The British high commissioner to Jamaica, David Fitton, said in a radio interview that the Mau Mau case had not been intended as a precedent. "We don’t think the issue of reparations is the right way to address these issues," Fitton said. "It’s not the right way to address an historical problem."
CARICOM has brushed aside that response and has become emboldened by the Black Lives Matter movement. The region’s leaders were “tweaking” their tactics, including allying themselves with African states, Guyanese journalist Bert Wilkinson reported in the New York Amsterdam News in July. A partnership between Grenada and Botswana expanded to more than 60 countries. Portugal and Spain were added to the list. So too were Norway, Russia, Sweden and Switzerland after the commission’s research found that “they also played a significant part and benefitted economically and in other forms from the slave trade to the Americas.”
The reparations drive has also reached an unlikely place. “Although a perception exists of Scotland as a victim of English domination, in fact Scots played a major and highly lucrative role in colonial expansion, the transatlantic slave trade and the Caribbean plantation economy,” Elliot Ross reported in Al Jazeera in November 2018. The British government, under its Slave Compensation Commission, paid Scottish slaveowners for having to free their slaves. The payout “was invested in business, real estate and agricultural improvement, as well as in many Scottish institutions,” Ross reported. “It is now the established consensus among historians that the development of modern Scotland owed much to the slavery economy.”

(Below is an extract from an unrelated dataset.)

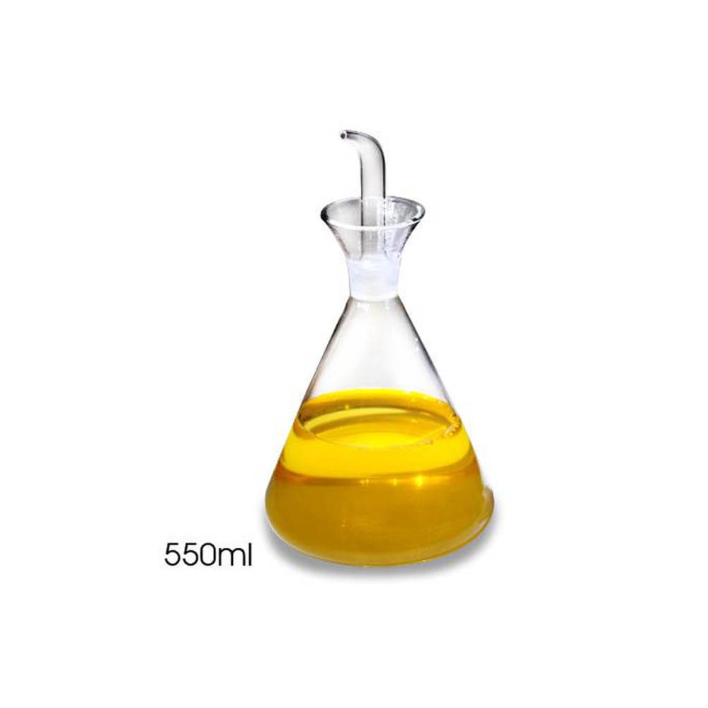 La aceitera de cristal tiene un caño de vertido que garantiza un flujo estable y preciso, la ranura en la base recoge las gotas de aceite y las devuelve al interior manteniendo el recipiente limpio, su boca ancha y acampanada sirve de embudo para rellenar el recipiente y recoge las gotas para evitar incómodas manchas en el mantel, cocina, etc.

Scottish involvement in slavery was also the topic of a BBC documentary, “Slavery: Scotland’s Hidden Shame,” and a book, “Recovering Scotland’s Slavery Past,” which probed the topic. Meanwhile, the University of Glasgow launched a “program of reparative justice” after its own study in 2018 revealed that, between the 1780s and 1880s, it received the equivalent of millions of dollars in grants and endowments from Scottish and English slaveowners. The money “served to enrich and physically expand the near 600-year-old university,” the Saint Lucia Star reported.
The University of Glasgow signed an agreement with UWI to fund joint research and promote development initiatives over the next decade through a Glasgow-Caribbean Centre for Development Research. The university will provide $27 million in funding – matching what the British government paid slaveowners at emancipation.

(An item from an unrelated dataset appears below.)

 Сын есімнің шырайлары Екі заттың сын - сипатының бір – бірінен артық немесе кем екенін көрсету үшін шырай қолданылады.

“The Centre will target and promote solutions to Caribbean development problems in areas such as medicine and public health, economics and economic growth, cultural identity and cultural industries, and other 21st century orientations in Caribbean transformation,” the Star reported.
At another level, Bridget Freeman, an accomplished British musician, became so appalled after viewing a documentary on the Atlantic slave trade that she donated $500,000 to UWI’s five-year-old Global Giving campaign for its new Faculty of Culture, Creative and Performing Arts. “It is about reparation,” Freeman said. “We owe it. Once you see the ships of the slave trade, the giving back just seems so obvious.”
So while enough Americans resist coming to terms with the nation’s history of slavery to freeze talk of reparations, there is a growing acceptance elsewhere of the reality that many of today’s powerful nations, institutions, buildings and businesses owe their beginnings to the enslavement of millions of Africans and some have started doing something to atone for it. Many of these initiatives seem to come from the heart, albeit belatedly; they will not halt the coming reckoning over slavery and true reparations.